◆ EXERCISE DETAILS
Write every line below out again exactly, images omitted.

◆ PROVIDED DATA
######

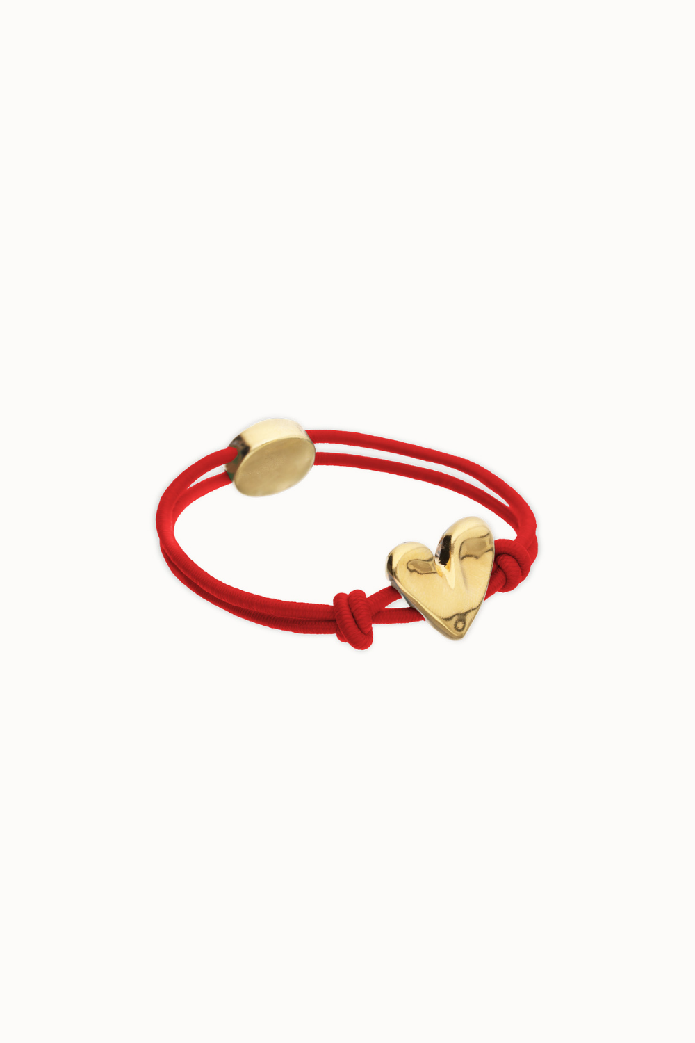 Red elastic thread bracelet with heart.When something inside you beats strongly, there is only one way to listen to it: let go. The Beat Collection is a celebration of letting go of the reins and letting your heart lead the way. A handmade heart, imperfect, but real. Because the result of living this way is a heart sculpted with your own hands.
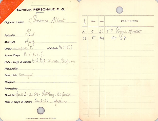 The following information is from their POW repatriation reports prepared by MIS-X Section, POW Branch, of the U.S. War Department. The reports are courtesy of the United States Air Force Historical Research Agency (AFHRA), Maxwell Air Force Base, Montgomery, Alabama. Their reports contain a wealth of information, including the names and addresses of Italian helpers.
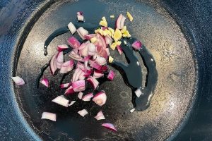 2. Snijd de rode ui en knoflook fijn en fruit met de olijfolie aan in een pan.
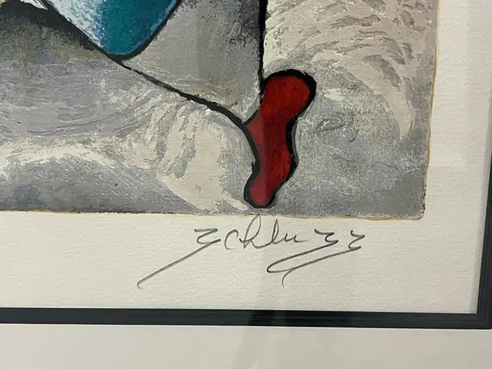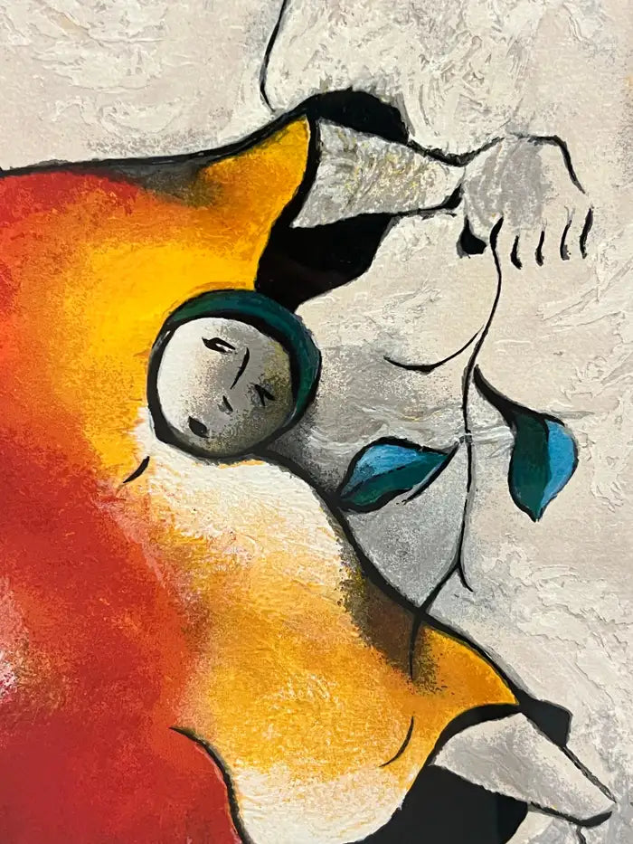 Schluss’s signature aesthetic—marked by curvilinear forms, textured surfaces, and symbolic gesture—is fully realized in this 1995 work, which captures the artist’s enduring fascination with human connection and spiritual vitality. The piece bears the artist’s signature, is numbered 25/320, and includes a publisher’s embossed stamp, attesting to its authenticity and limited edition provenance. Elegantly matted and presented in a contemporary grey frame, Midnight Celebration is a radiant example of Schluss’s dynamic visual language—at once theatrical, meditative, and joyously alive.

######

◆ EXERCISE SOLUTION
 Red elastic thread bracelet with heart.When something inside you beats strongly, there is only one way to listen to it: let go. The Beat Collection is a celebration of letting go of the reins and letting your heart lead the way. A handmade heart, imperfect, but real. Because the result of living this way is a heart sculpted with your own hands.
 The following information is from their POW repatriation reports prepared by MIS-X Section, POW Branch, of the U.S. War Department. The reports are courtesy of the United States Air Force Historical Research Agency (AFHRA), Maxwell Air Force Base, Montgomery, Alabama. Their reports contain a wealth of information, including the names and addresses of Italian helpers.
 2. Snijd de rode ui en knoflook fijn en fruit met de olijfolie aan in een pan.
 Schluss’s signature aesthetic—marked by curvilinear forms, textured surfaces, and symbolic gesture—is fully realized in this 1995 work, which captures the artist’s enduring fascination with human connection and spiritual vitality. The piece bears the artist’s signature, is numbered 25/320, and includes a publisher’s embossed stamp, attesting to its authenticity and limited edition provenance. Elegantly matted and presented in a contemporary grey frame, Midnight Celebration is a radiant example of Schluss’s dynamic visual language—at once theatrical, meditative, and joyously alive.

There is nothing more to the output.